La Gallura, aux couleurs de la Sardaigne

Un conte de fée couleur d’émeraude ?

Un conte de fée couleur d’émeraude ?
Jean-Philippe Damiani

L’émeraude. C’est à la couleur de cette pierre précieuse que le nord-est de la Sardaigne doit sa bonne fortune touristique. En effet, en 1961, le prince Aga Khan, ayant un coup de foudre pour la beauté sauvage et la couleur de l’eau de mer de la région, décide d’acheter à des paysans locaux une bande de littoral de dix kilomètres située au nord d’Olbia pour y créer la Costa Smeralda (Côte d’Émeraude). Il décide d’y implanter une station balnéaire haut de gamme obéissant à des règles architecturales strictes : respect de l’environnement, maisons blanches ou pastel imitant les demeures traditionnelles sardes, influences byzantines.

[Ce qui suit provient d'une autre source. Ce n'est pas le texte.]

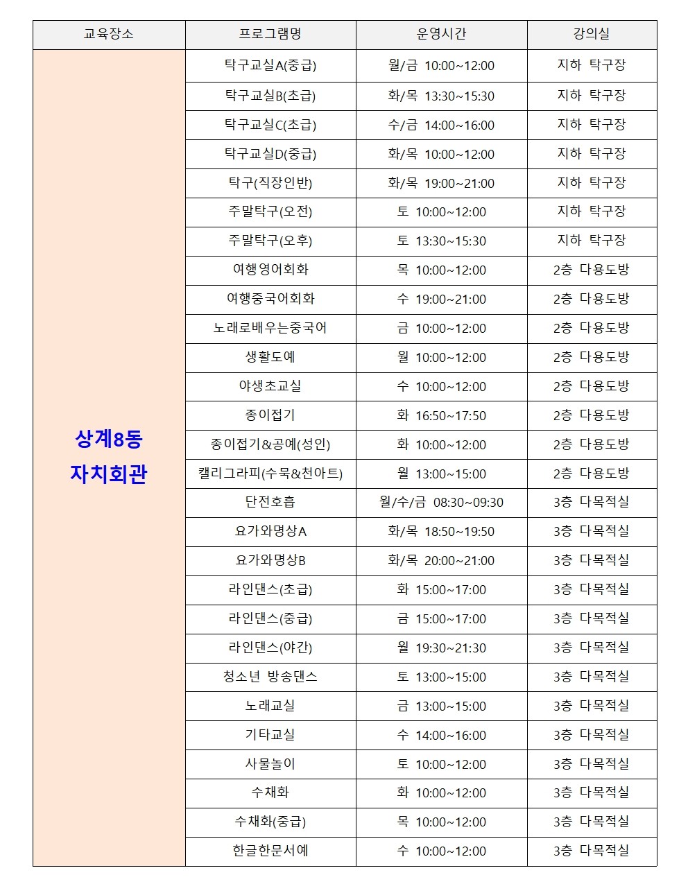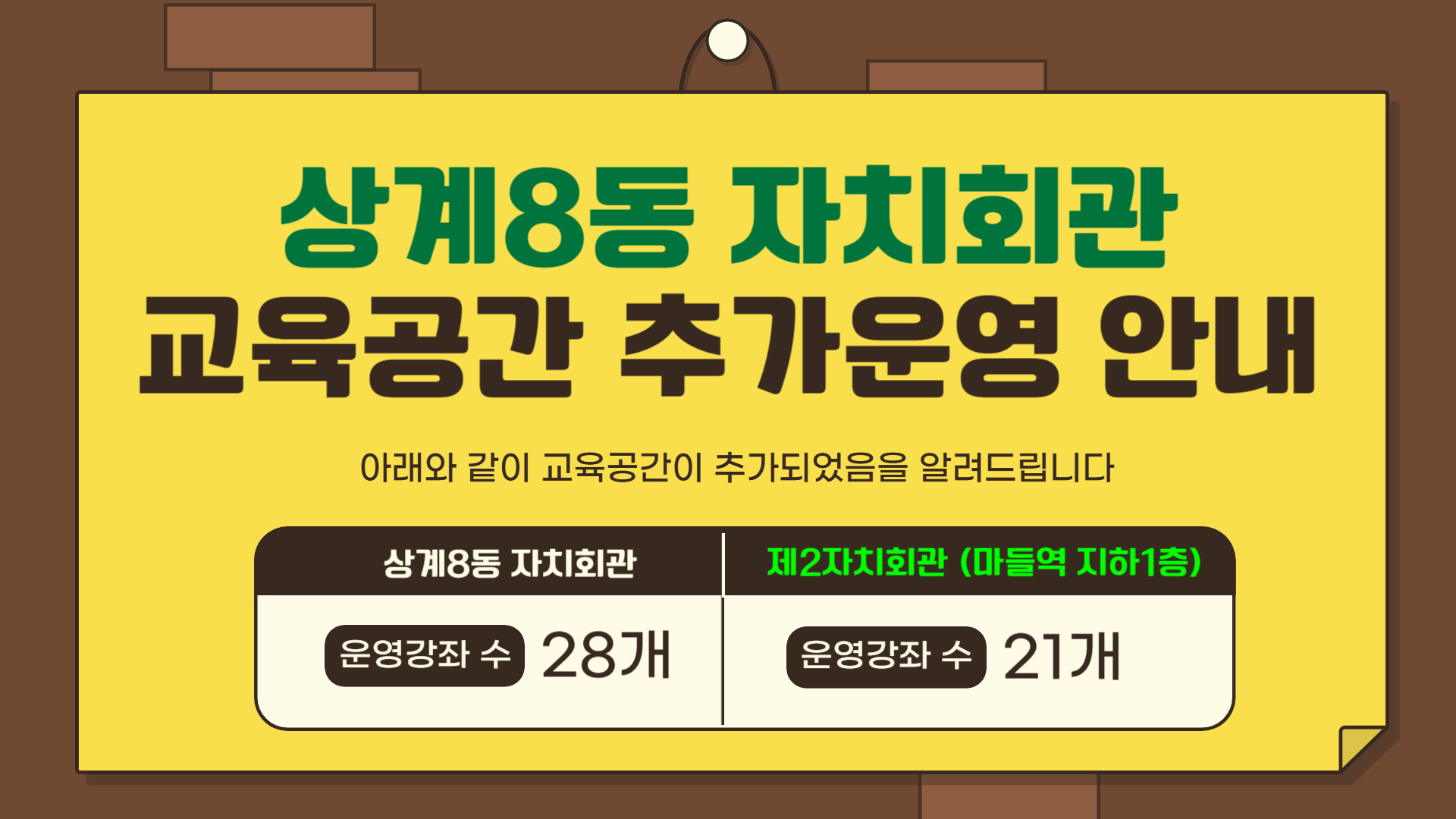 [전체공지] 상계8동 자치회관 교육공간 추가 운영 안내
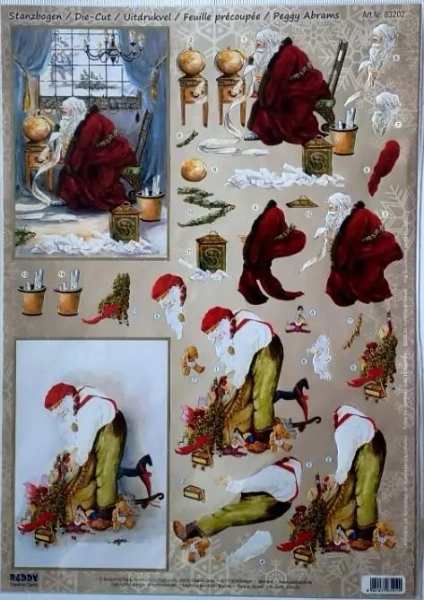 Arkusz do techniki 3 D z wysztancowanymi elementami . Format A-4, nie wymagające wycinania. Oznaczenia cyfrowe pomagają w perfekcyjnym nakładaniu elementów na siebie celem tworzenia wypukłych kompozycji.

Le « style Costa Smeralda » voit alors le jour, fleurissant face à une mer de carte postale, entre les localités ultra-chic de Porto Cervo et Porto Rotondo (photo). Depuis, devenue l’un des points de rencontre de la jet-set internationale et des inévitables paparazzi, la région est affublée de tous les oripeaux des « contes de fées » (ou des cauchemars) modernes : yachts, nuits d’hôtels coûtant plusieurs centaines d’euros (et beaucoup plus dans des palaces comme le Cala di Volpe), top-modèles et badauds obnubilés par le bling-bling. Pas étonnant que l’inénarrable Berlusconi y ait fait construire l’une de ses résidences d’été, la pharaonique villa La Certosa.

Bref, vous l’aurez compris, la côte d’Émeraude conviendra plus aux propriétaires de Ferrari qu’aux routards et au commun des mortels. Mais la Sardaigne, île essentiellement rurale où le salaire moyen dépasse péniblement les 1 000 euros, est bien loin de se résumer à cette carte postale galvaudée.